A Life Less Ordinary
The cheerfully daft A Life Less Ordinary reminded me of another, far less enjoyable film that came out last year — Feeling Minnesota, a hipster piffle featuring guns, tough guys, a scruffy male lead, and Cameron Diaz. That movie just sat on the screen waiting to die of lameness. A Life Less Ordinary could easily have been just as bad. It’s one of those ironic crime comedies pitched at the young and jaded (Pulp Fiction was the template), but it isn’t the Tarantino swipe the ads lead you to expect.
This is the third collaboration between four guys from Britain: director Danny Boyle, writer John Hodge, producer Andrew Macdonald, and star Ewan McGregor. Their first effort was 1994’s nasty, off-putting thriller Shallow Grave; last year they took U.K. and U.S. art-houses by storm with Trainspotting. A calculatedly shocking comedy like Trainspotting is a hard act to follow, and Boyle et al. have done the properly perverse thing: They’ve made a romantic comedy crammed with five movies’ worth of Hollywood cheese — lovers on the lam, kidnapping, gunplay, even angels, for God’s sake. The movie is a joke on big studios (Fox paid for this one) and the mass audience. The indie bad-boys are saying, “You want lightweight escapism? We’ll give you lightweight escapism.” But they’ve done it their way.
McGregor is Robert, a janitor and aspiring “trash novelist” who gets fired — replaced by a robot. Robert storms into the office of his boss (Ian Holm), waving a gun and demanding his job back. After a melee with a pack of security guards, he abducts the boss’s daughter Celine (Diaz), who has recently disabled her dentist fiancé (Stanley Tucci) in a William Tell scene that may be a parody of Naked Lunch. Celine goes with Robert willingly; it’s not like she has anything better to do.
All of this is monitored by two angels (the hilariously cast Holly Hunter and Delroy Lindo), who are assigned to play Cupids for Robert and Celine; God isn’t happy with the divorce rate on Earth. The angels also pose as assassins who offer their services to Celine’s dad — he wants Celine back and Robert dead. Since the movie begins in Heaven, we know we’re not meant to take it straight. Yet real feeling does develop between the mismatched lovers.
That’s because McGregor and Diaz make a fine off-center couple. Diaz’s sexiness is played down (except for her opening bit in a bikini, when Boyle seems to be saying “Right, let’s get this out of the way early”), and McGregor spends the film in a dorky shag haircut. Yet they also have a brazenly romantic karaoke number in a club, belting out “Beyond the Sea,” and you smile as you realize that Boyle is having his cake and eating it too. The scene is a goof, but it gets to the heart of the lovers’ fantasies with a peppy directness beyond the reach of most Hollywood movies.

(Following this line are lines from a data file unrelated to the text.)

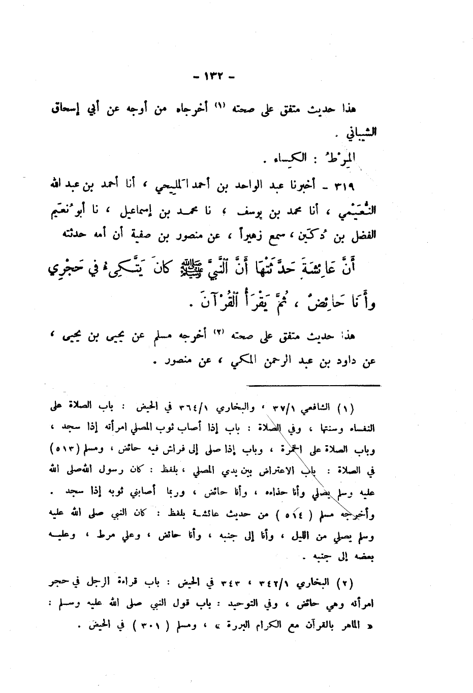 319 - أَخْبَرَنَا عَبْدُ الْوَاحِدِ بْنُ أَحْمَدَ الْمَلِيحِيُّ، أَنا أَحْمَدُ بْنُ عَبْدِ اللَّهِ النُّعَيْمِيُّ، أَنا مُحَمَّدُ بْنُ يُوسُفَ، نَا مُحَمَّدُ بْنُ إِسْمَاعِيلَ، نَا أَبُو نُعَيْمٍ الْفَضْلُ بْنُ دُكَيْنٍ، سَمِعَ زُهَيْرًا، عَنْ مَنْصُورِ بْنِ صَفِيَّةَ، أَنَّ أُمَّهُ حَدَّثَتْهُ، أَنَّ عَائِشَةَ حَدَّثَتْهَا «أَنَّ النَّبِيَّ صَلَّى اللهُ عَلَيْهِ وَسَلَّمَ كَانَ يَتَّكِئُ فِي حجري وَأَنَا حَائِضٌ، ثُمَّ يَقْرَأُ الْقُرْآنَ».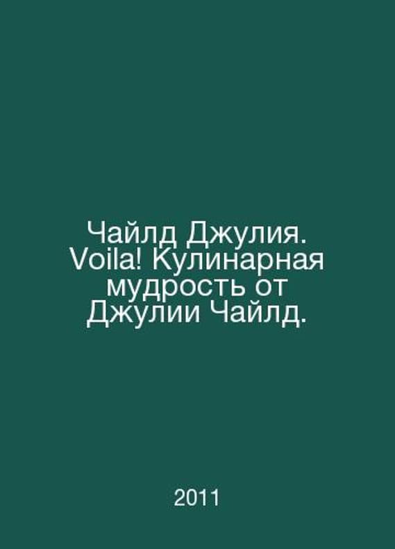 Julia Child. Voila! Cooking wisdom from Julia Child. In Russian /Chayld Dzhuliya. Voila! Kulinarnaya mudrost ot Dzhulii Chayld. Series: VIP Clinic. Translation from English. Moscow, Eksmo Publishing House. 2011 year.. Contact us for details or to request photos of available books. SKUalbbb668483d5478c8a.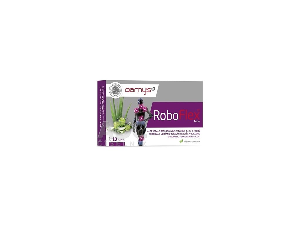 Výživový doplnok Barny´s RoboFlex™ Forte - je kombinovaný rastlinný a vitamínový výživový doplnok, ktorý obsahuje rastlinné extrakty z chmeľu obyčajného, aloe barbadoskej a vitamíny B6, C a D. *Vitamíny B6 a C prispievajú k správnemu fungovaniu nervového systému a k správnej funkcii psychiky. *Vitamín B6 prispieva k zníženiu vyčerpania a únavy. *Vitamín C prispieva k ochrane buniek pred oxidačným stresom. *Vitamín D prispieva k udržaniu zdravých kostí a k udržaniu správneho fungovania svalov.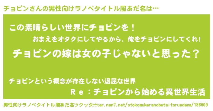 | 女子向けラノベタイトル風あだ名 | 『チョピン様がみてる』『チョピン恋絵巻』 |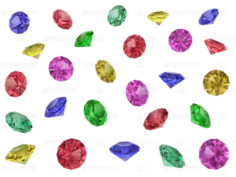 Несколько многоцветных faceted драгоценные камни изолированы на белом. высокое разрешение 3D-изображение

What’s fresh about A Life Less Ordinary is that we get to see weary romantic clichés through the eyes of cinema’s new Fab Four — clichés mocked, celebrated and, finally, abandoned in favor of an odd kind of honesty. Celine and Robert pose side by side, talking directly to us and to each other, and in the end they turn into Claymation versions of themselves. Like everything else in the film, this is both a goof and not a goof: People are clay in the hands of God, shaped by fate …. Aah, forget it. The Claymation is just fun. And any movie featuring Holly Hunter as a blood-spattered angel, grinning homicidally as she clings to the hood of a speeding car, is just about impossible to dislike.